Створки окна, где находилась спальня, открылись. «И как ему не холодно, проветривать в такое время?» Мишу порадовало, что Михаил тоже мучается думами… Или же он встал, чтобы сделать зарядку?
Очи чёрные, очи страстные,
Очи жгучие и прекрасные…
Хорошо знакомый, слегка картавый голос… У Ботвинника лиричное настроение!
Таль вслушался, но не расслышал. Михаил Моисеевич уже отошёл от окна. Тогда, рижанин принял решение подобраться поближе и послушать. Ничего же нет плохого в этом, правда?
Ох, недаром вы глубины темней!
Вижу траур в вас по душе моей,
Вижу пламя в вас я победное:
Сожжено на нём сердце бедное.
У Миши отвисла челюсть от удивления и он, чуть было не ударился головой об оконную раму. Романс Шаляпина! Да и про кого? Миша даже забыл про обиду и ждал нового куплета. Ботвинник затих, видимо обдумывая что-то своё…
— Спит там в гостинной на диване, а я дурак старый, боюсь, что он уйдёт от меня…
Ворчать, ругать самого себя, окружающих, ситуацию. В этом весь Ботвинник.
Мише захотелось выдать себя, сказать, что он влюблён. Зависим.
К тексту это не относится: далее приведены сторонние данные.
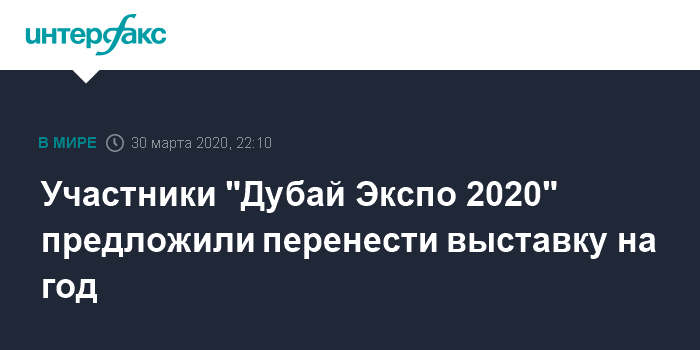 Москва. 30 марта. INTERFAX.RU - Страны - участники международной выставки "Дубай Экспо 2020" (Expo 2020 Dubai) обратились к местным организаторам этого общемирового выставочного шоу с просьбой перенести сроки её проведения на год в связи с пандемией коронавируса.

Но тут Михаил снова запел… Лирично, душевно, с надрывом:
Ромашки спрятались, поникли лютики,
Когда застыла я от горьких слов.
Зачем вы девочки, красивых любите,
Непостоянная у них любовь?
Ботвинник проворчал, что так не правильно. И тут сделал по-своему!
Зачем профессор, вы, красивых любите?
Одни страдания от той любви…
Миша всё-таки ударился головой об оконную раму, когда хотел уйти незамеченным.
— Что же это… Ты подслушивал, Миша? Как давно? — Ботвинник высунулся из окна. Сейчас он имел менее профессорский вид, из-за того, что был без очков. Его лицо выглядело усталым. Тени залегли под глазами, уголки губ опущены…
— Как же устоять, если тут поют? Тем более обо мне, — Таль слегка покраснел и потёр ушибленное место на голове.
— А с чего ты взял? — от Ботвинника веяло холодностью. Он натянул чрезвычайно строгое выражение на лицо.
— Позволь мне не объясняться, не оправдываться, что где-то какая-то дама посмотрела, сказала на пару слов больше обычного и тебе передали, будто я проведу с ней вечер. Ты сам знаешь, что всевозможные романы шьют мне пачками! Они вот не знают про самый важный, который я не смогу закончить ещё долго. Очень-очень долго. Ты будешь обнимать меня, миловать, а я… Тоже буду! Неужели ты не понимаешь, что я влюблён в тебя? — Таль поставил ногу на завалинку и забрался на подоконник, оказавшись лицом к лицу с Михаилом Моисеевичем.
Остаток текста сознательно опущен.